Barack Obama’s decision to scrap Washington’s planned missile defence system in eastern Europe is “strategically sound”, says The New York Times. The old plan was flawed. The technology wasn’t ready and wouldn’t have been in place until around 2017; the threat it was supposed to defend against – an Iranian intercontinental ballistic missile – was also years away. Lastly, it gave Moscow a convenient excuse to rail against the West and “shirk its responsibility to help contain Iran’s nuclear ambitions”.

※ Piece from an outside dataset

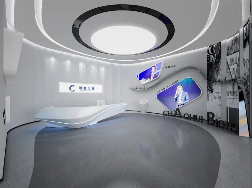 一楼为整栋的接待中心。天花用浩瀚星球加以周边飘带式的曲线灯槽与墙面开剧以焦片式的潮徽历史介绍打开画面,用曲线不锈钢为媒介到科技现代感极强的W造型、曲线墙面呈现,再到不规侧几何屏幕加载潮徽介绍及产品化学元素提炼,泡泡式的产品展示,为客户完美叙说潮徽的过去现在未来的美好愿景。

Under the new plan, the interceptors needed to counter Iran’s short and medium-range missiles (a more immediate threat, say recent intelligence reports) should start to become operational as early as 2011. The diplomatic angle is trickier. Neither Poland nor the Czech Republic was ever worried about Iran; they feared Russia and relished the idea of having Washington as protector. Secondly, Obama is gambling that Moscow will reciprocate by supporting America on the Iran issue. Russia has veto power in the United Nations Security Council and the West needs the Kremlin’s backing for tougher sanctions against Iran.

Obama has “placed the fate of a vital element of his foreign policy in the hands of the Kremlin”, says The Daily Telegraph. “That is a sorry pass for a superpower to reach.” The case for deploying defences designed to counter short and medium-range weapons is “wholly specious”. It relies too heavily on intelligence assessments that “we know from bitter experience have a mixed record, at best”. What if Iran deploys long-range missiles sooner than America expects? “Highly sophisticated anti-missile systems can’t be rustled up in a hurry.” Obama is behaving like an “eccentric homeowner” who refuses to lock his front door, while pointing out his gleaming new smoke detector.

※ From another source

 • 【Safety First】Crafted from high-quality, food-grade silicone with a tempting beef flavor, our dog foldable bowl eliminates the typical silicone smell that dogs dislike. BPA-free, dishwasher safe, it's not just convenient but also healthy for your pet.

Nonsense, says the US defence secretary, Robert Gates, in The New York Times. “Having spent most of my career at the CIA, I am all too familiar with the pitfalls of over-reliance on intelligence reports that can become outdated.” The new proposal “provides needed capacity years earlier than the original plan, and will provide even more robust protection against longer-range threats on about the same timeline as the previous programme”. As for Russia, her “attitude and possible reaction played no part in my recommendation to the president”. If her leaders embrace this plan (it is being regarded as a “major foreign policy victory”, according to Yekaterina Blinova in the Gazeta), then that will be “an unexpected – and welcome – change of policy on their part”.